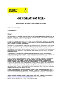 Rapport 21 décembre, 2015 « Mes enfants ont peur » Aggravation de la crise des droits humains au Burundi Rapport
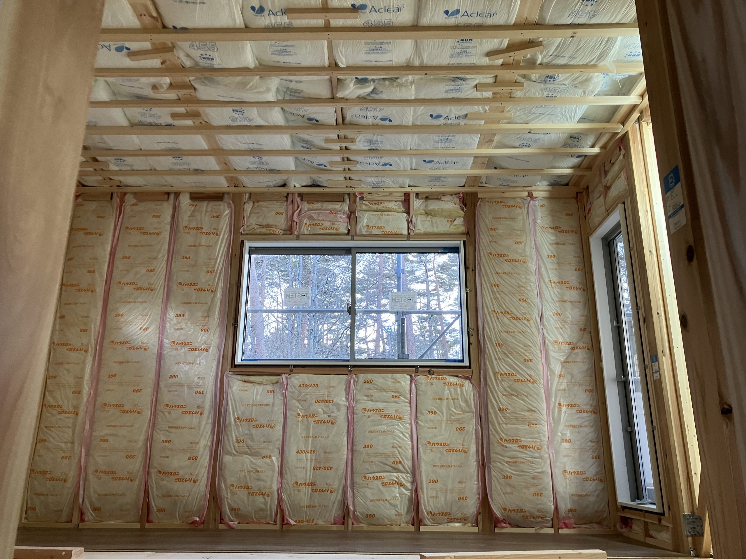 しっかりとグラスウールが張られています これだけで外との気温差が凄いです^^ ストーブ1台で中はポカポカ、作業中は上着いらずで安心です この後ボードを張るので今だけの景色です
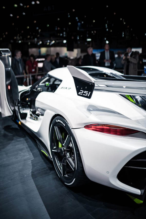 Jesko’s new optional carbon fibre wheels are the lightest and strongest production wheels of their size. Larger than the Agera RS wheels they replace, the front weighs just 5.9kg (20″ x 9.5″) and the rear 7.4kg (21″ x 12″).
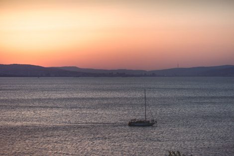 А вечерний пляж тоже имеет свою прелесть, тут можно наблюдать шикарные закаты и золотое море.
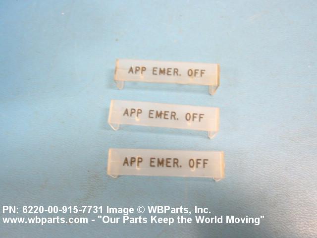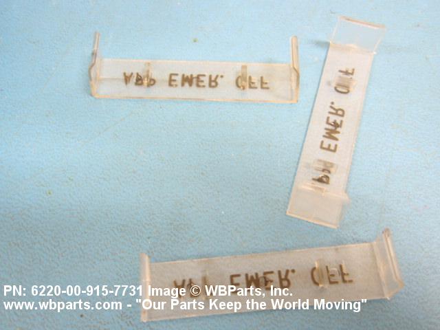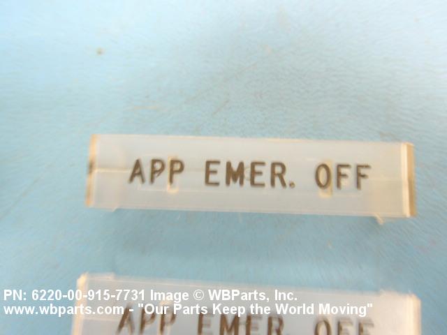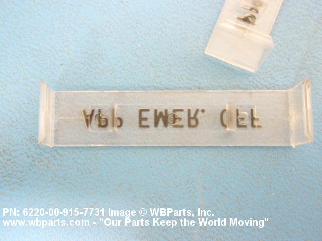 6220-00-915-7731 An item composed of a coated transparent or partly transparent/partly opaque materiels, engraved with letters, words and/or symbols, designed to allow light to be transmitted through the engraving(s) for indicating purposes. It may have an electrical lighting circuit either on a removable printed circuit board or embedded within the panel. The circuit may have removable or nonremovable electroluminescent and/or incandescent lamps for lighting. Dials and/or switches may be included. Excludes DISPLAY, OPTELECTRONIC. See also INDICATOR (as modified), and LIGHT (1), INDICATOR20262100045Indoor and Outdoor Electric Lighting Fixtures62200038Electric Vehicular Lights and Fixtures
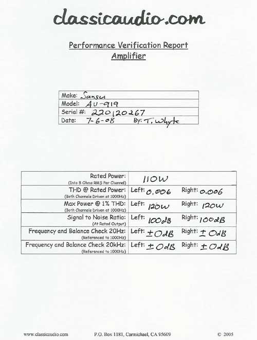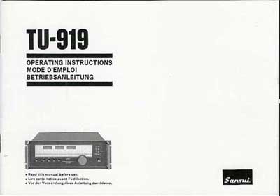 Sansui model TU-919 AM/FM Stereo tuner in immaculate condition with optional rack mount handles. One of Sansui's flagship tuners. Features very low distortion and high sensitivity. Also features FM narrow band mode for superb selectivity and AM wide band mode for maximum fidelity. This unit has been serviced and fully tested. Our original Performance Verification Report and a copy of the owner's manual included.(Tech's note: the TU-919 is one of the best tuners I have ever tested, maybe even better than the TU-9900. The amp is equally as impressive.)
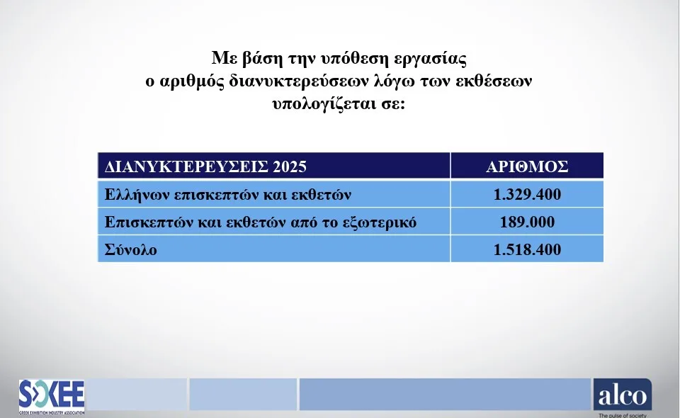Με 1,5 εκατ. διανυκτερεύσεις και εκατοντάδες εκατομμύρια έσοδα, οι εκθέσεις δίνουν έξτρα πνοή στο τουριστικό μοντέλο: Νέα έρευνα αποκαλύπτει τη μεγάλη οικονομική και τουριστική συμβολή του εκθεσιακού κλάδου, με εκατοντάδες εκατομμύρια ευρώ σε δαπάνες και ισχυρό αποτύπωμα στην εξωστρέφεια της ελληνικής οικονομίας
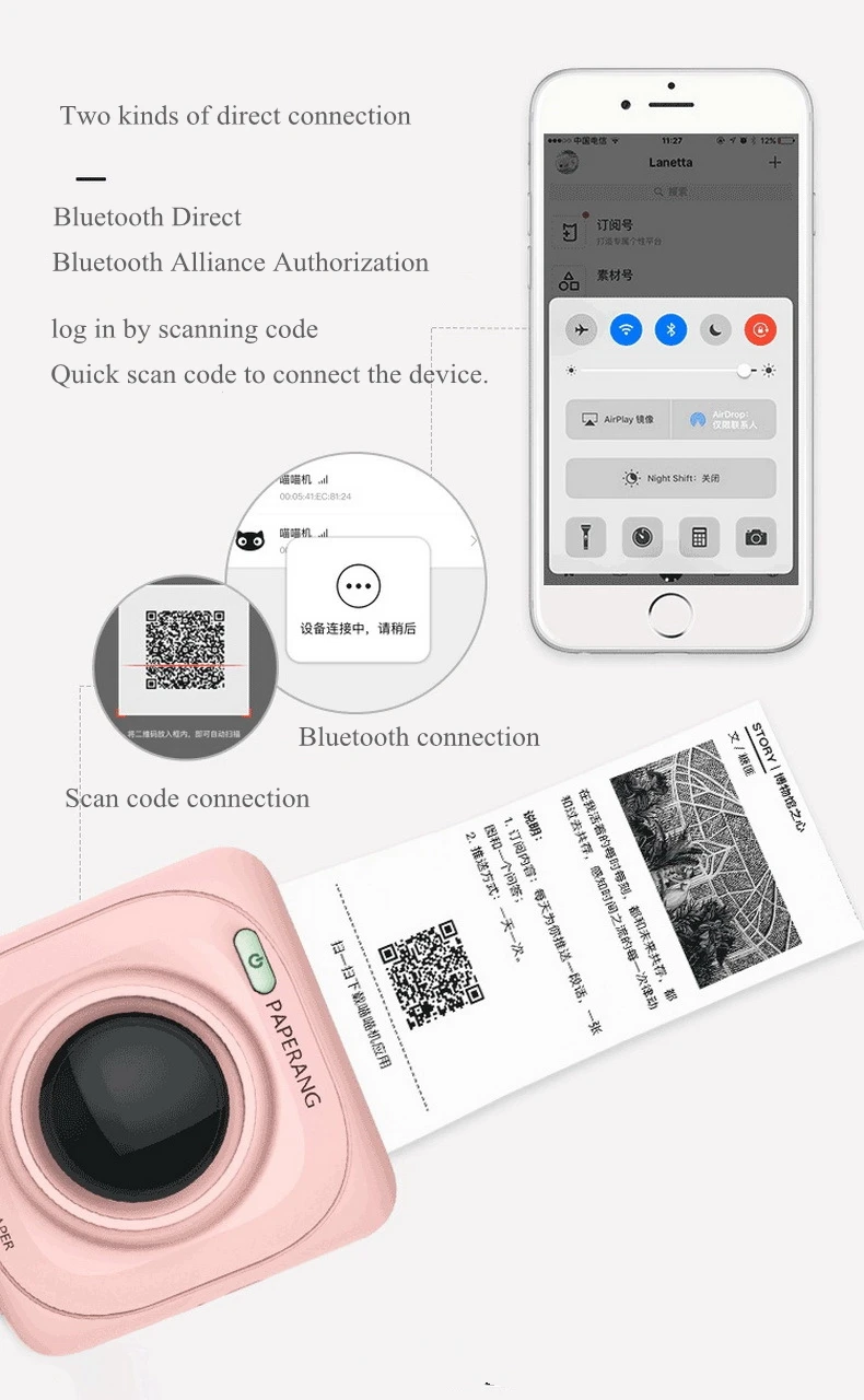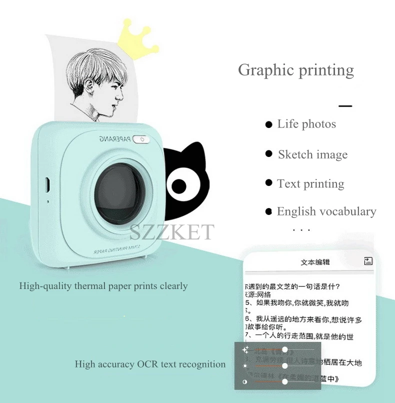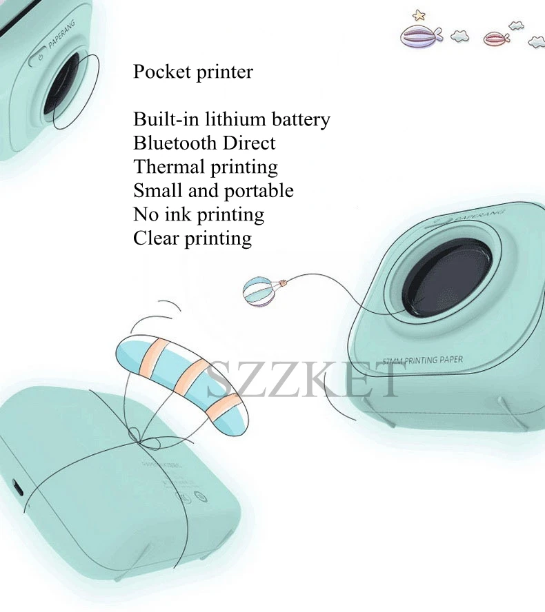 For PAPERANG Portable thermal printer A variety of specifications stickers printer Pocket photo printer Built-in battery

###

### Activity
Pictures do not belong in the copy. Please reproduce the entries above exactly otherwise.

### Solved problem
 Rapport 21 décembre, 2015 « Mes enfants ont peur » Aggravation de la crise des droits humains au Burundi Rapport
 しっかりとグラスウールが張られています これだけで外との気温差が凄いです^^ ストーブ1台で中はポカポカ、作業中は上着いらずで安心です この後ボードを張るので今だけの景色です
 Jesko’s new optional carbon fibre wheels are the lightest and strongest production wheels of their size. Larger than the Agera RS wheels they replace, the front weighs just 5.9kg (20″ x 9.5″) and the rear 7.4kg (21″ x 12″).
 А вечерний пляж тоже имеет свою прелесть, тут можно наблюдать шикарные закаты и золотое море.
 6220-00-915-7731 An item composed of a coated transparent or partly transparent/partly opaque materiels, engraved with letters, words and/or symbols, designed to allow light to be transmitted through the engraving(s) for indicating purposes. It may have an electrical lighting circuit either on a removable printed circuit board or embedded within the panel. The circuit may have removable or nonremovable electroluminescent and/or incandescent lamps for lighting. Dials and/or switches may be included. Excludes DISPLAY, OPTELECTRONIC. See also INDICATOR (as modified), and LIGHT (1), INDICATOR20262100045Indoor and Outdoor Electric Lighting Fixtures62200038Electric Vehicular Lights and Fixtures
 Sansui model TU-919 AM/FM Stereo tuner in immaculate condition with optional rack mount handles. One of Sansui's flagship tuners. Features very low distortion and high sensitivity. Also features FM narrow band mode for superb selectivity and AM wide band mode for maximum fidelity. This unit has been serviced and fully tested. Our original Performance Verification Report and a copy of the owner's manual included.(Tech's note: the TU-919 is one of the best tuners I have ever tested, maybe even better than the TU-9900. The amp is equally as impressive.)
Με 1,5 εκατ. διανυκτερεύσεις και εκατοντάδες εκατομμύρια έσοδα, οι εκθέσεις δίνουν έξτρα πνοή στο τουριστικό μοντέλο: Νέα έρευνα αποκαλύπτει τη μεγάλη οικονομική και τουριστική συμβολή του εκθεσιακού κλάδου, με εκατοντάδες εκατομμύρια ευρώ σε δαπάνες και ισχυρό αποτύπωμα στην εξωστρέφεια της ελληνικής οικονομίας
 For PAPERANG Portable thermal printer A variety of specifications stickers printer Pocket photo printer Built-in battery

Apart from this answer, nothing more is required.